◆ Requirement ◆
Please return the data word for word and leave out any picture it contains.

◆ Raw data ◆
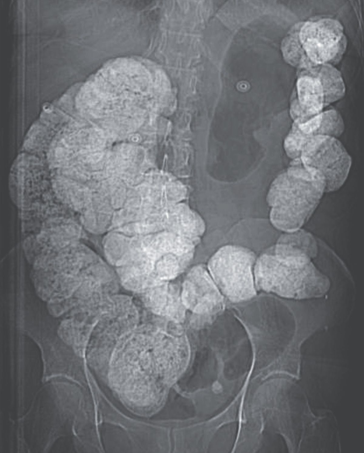 A 70-year-old woman with depression and irritable bowel syndrome presented to the emergency department with a 3-day history of altered mental status, shortness of breath, nausea, and vomiting. She had recently increased her daily intake of liquid bismuth subsalicylate, which she had been using for irritable bowel symptoms, to treat worsening diarrhea and abdominal pain. Physical examination was notable for a respiratory rate of 22 breaths per minute, confusion, and mild, diffuse abdominal pain. Laboratory testing showed primary anion-gap metabolic acidosis, primary respiratory alkalosis, and a salicylate level of 76 mg per deciliter (5.50 mmol per liter; normal value, <5 mg per deciliter [0.35 mmol per liter]). An abdominal radiograph, for which no oral contrast material had been administered, showed intraluminal radiopaque material throughout the bowel. A diagnosis of bismuth subsalicylate poisoning was made. Bismuth subsalicylate is metabolized to bismuth and salicylic acid in the gastrointestinal tract. Large quantities of bismuth appear radiopaque owing to the high density of the substance, which approaches that of lead. After treatment with sodium bicarbonate infusion and hemodialysis for salicylate poisoning, the patient’s symptoms abated; a repeat salicylate level was 0.
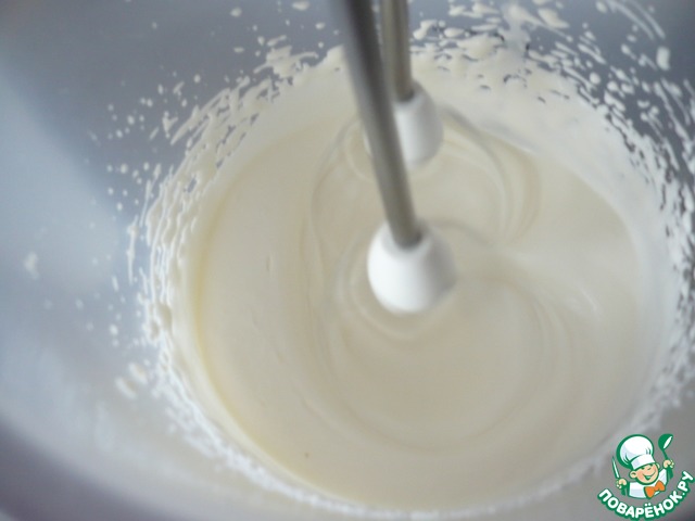 Затем в холодные сливки добавьте сгущенное молоко и взбейте миксером до образования плотных пиков.
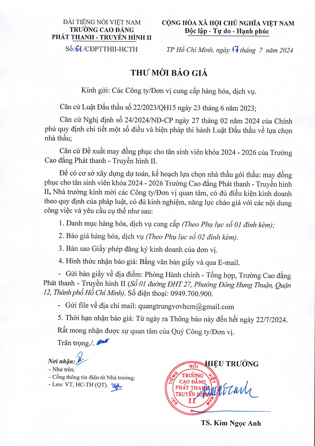 Thư mời báo giá về việc may đồng phục cho sinh viên

◆ Your response ◆
 A 70-year-old woman with depression and irritable bowel syndrome presented to the emergency department with a 3-day history of altered mental status, shortness of breath, nausea, and vomiting. She had recently increased her daily intake of liquid bismuth subsalicylate, which she had been using for irritable bowel symptoms, to treat worsening diarrhea and abdominal pain. Physical examination was notable for a respiratory rate of 22 breaths per minute, confusion, and mild, diffuse abdominal pain. Laboratory testing showed primary anion-gap metabolic acidosis, primary respiratory alkalosis, and a salicylate level of 76 mg per deciliter (5.50 mmol per liter; normal value, <5 mg per deciliter [0.35 mmol per liter]). An abdominal radiograph, for which no oral contrast material had been administered, showed intraluminal radiopaque material throughout the bowel. A diagnosis of bismuth subsalicylate poisoning was made. Bismuth subsalicylate is metabolized to bismuth and salicylic acid in the gastrointestinal tract. Large quantities of bismuth appear radiopaque owing to the high density of the substance, which approaches that of lead. After treatment with sodium bicarbonate infusion and hemodialysis for salicylate poisoning, the patient’s symptoms abated; a repeat salicylate level was 0.
 Затем в холодные сливки добавьте сгущенное молоко и взбейте миксером до образования плотных пиков.
 Thư mời báo giá về việc may đồng phục cho sinh viên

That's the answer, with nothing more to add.